Thursday, July 20, 2006

To negotiate a ceasefire you have to include both parties......right?

Everyone from Howard Dean to Kofi Anan has called for Israel to use restraint while attacking Hezbolalh, and several people have gone further to criticize Israel for all the civilian casualties it has inflicted.

It really seems as if the international community really really REALLY wants to condemn Israel for this war but can't because Hezbollah attacked first, not to mention the UN resolution that said Hezbollah should disarm. So they have to content themselves with saying that Israel is overreacting and is using disproportional violence.

Hezbollah gets no criticism for launching rockets in to civilian neighborhoods. Or for going in to Lebanese houses and setting up radar towers and missle launchers. I mean Kofi would probably find some excuse for them if their soldiers wore babies strapped to their backs.

Meanwhile Israel is telling people ahead of time where they are going to be bombing. And yet they are still getting lambasted.

I mean the people around the world can't be that stupid right? Negotiating and compromise is what got Israel in to this situation in the first place. They gave Land for Peace but got no peace. In the UN defeating an enemy to ensure peace is just a foreign concept. Why? Because at the UN and in the more liberal and socialist governments around the world there is this desire to see moral equivilance everywhere that precludes everything. They refuse to see Hezbollah as evil, or terrorists as bad guys. They aren't bad guys just misunderstood. And because Israel has a big military and is perfectly capable of wiping out Hezbollah, and Lebenon for that matter, they are treated as the big mean nasty bullys. Despite the fact that Hezbollah with backing from Iran and Syria are the aggressors and are the ones who have sworn to wipe an entire country off the map. Nope, we have to be sensitive to them because they come from a different culture. Sigh.

Thankfully Israel is used to this kind of thing (or sadly if you think about it), and isn't giving in to public pressure. Kofi can call for Hostilities to end til he's blue in the face but until Hezbollah decides to lay down their arms Israel will do what it needs too.

And the whole "have a cease-fire" idea is just silly anyway as Jonah Goldberg highlights in his column "Why a cease-fire makes no sense for Israel"

Israel's bombing campaign, unlike Hezbollah's, must have a larger goal than mere terror and bloodshed. I'm certain that it does. But if the situation freezes under the current circumstances, Israel's larger goal won't be apparent to much of the world. It will seem like a hugely disproportionate response in which Israel killed hundreds of civilians in order to get back two kidnapped soldiers. And Hezbollah will still be there, ready to dance for any coin Syria or Iran puts in its jukebox, threatening Israel and strangling Lebanon's democratic hopes.Hezbollah can only be destroyed by a ground campaign. If Israel doesn't launch one, it will be worse off, laughter will echo in Damascus and Tehran, Lebanon will have been dealt an unjust and cruel blow for nothing, and we'll all be back here again in the near future.
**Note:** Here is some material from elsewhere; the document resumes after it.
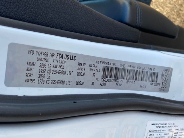 1-Year SiriusXM Radio Service, 3.45 Rear Axle Ratio, 4-Way Power Driver Lumber Adjust, 4-Wheel Disc Brakes, 6 Speakers, ABS brakes, Air Conditioning, Alloy wheels, AM/FM radio, Anti-whiplash front head restraints, Apple CarPlay/Android Auto, Auto-Dimming Rear-View Mirror, Auto-dimming Rear-View mirror, Automatic temperature control, Brake assist, Bright Side Roof Rails, Bumpers: body-color, Cloth Low-Back Bucket Seats, Comfort Seating Group, Compass, Delay-off headlights, Driver door bin, Driver vanity mirror, Dual front impact airbags, Dual front side impact airbags, Electronic Stability Control, Emergency communication system: Roadside Assistance/9-1-1 Call, For More Info, Call 800-643-2112, Four wheel independent suspension, Front anti-roll bar, Front Bucket Seats, Front Center Armrest w/Storage, Front dual zone A/C, Front fog lights, Front reading lights, Fully automatic headlights, Heated door mirrors, Illuminated entry, Integrated Roof Rail Crossbars, Knee airbag, Leather steering wheel, Low tire pressure warning, Occupant sensing airbag, Outside temperature display, Overhead airbag, Overhead console, Panic alarm, ParkSense Rear Park Assist w/Stop, ParkView Rear Back-Up Camera, Passenger door bin, Passenger vanity mirror, Power 8-Way Driver/Manual Passenger Seat, Power door mirrors, Power steering, Power windows, Quick Order Package 2BB SXT Plus, Radio: Uconnect 4 w/7 Display, Rear air conditioning, Rear anti-roll bar, Rear reading lights, Rear seat center armrest, Rear window defroster, Rear window wiper, Remote keyless entry, SiriusXM Satellite Radio, Speed control, Speed-Sensitive Wipers, Split folding rear seat, Spoiler, Steering wheel mounted audio controls, Tachometer, Telescoping steering wheel, Tilt steering wheel, Traction control, Trip computer, Variably intermittent wipers, Wheels: 18 x 8.0 Painted Aluminum.

Charles Krauthammer (one of my favorite writers) echos these thoughts in the Washington Post:

The road to a solution is therefore clear: Israel liberates south Lebanon and gives it back to the Lebanese.It starts by preparing the ground with air power, just as the Persian Gulf War began with a 40-day air campaign. But if all that happens is the air campaign, the result will be failure. Hezbollah will remain in place, Israel will remain under the gun, Lebanon will remain divided and unfree. And this war will start again at a time of Hezbollah and Iran's choosing.Just as in Kuwait in 1991, what must follow the air campaign is a land invasion to clear the ground and expel the occupier. Israel must retake south Lebanon and expel Hezbollah. It would then declare the obvious: that it has no claim to Lebanese territory and is prepared to withdraw and hand south Lebanon over to the Lebanese army (augmented perhaps by an international force), thus finally bringing about what the world has demanded -- implementation of Resolution 1559 and restoration of south Lebanon to Lebanese sovereignty.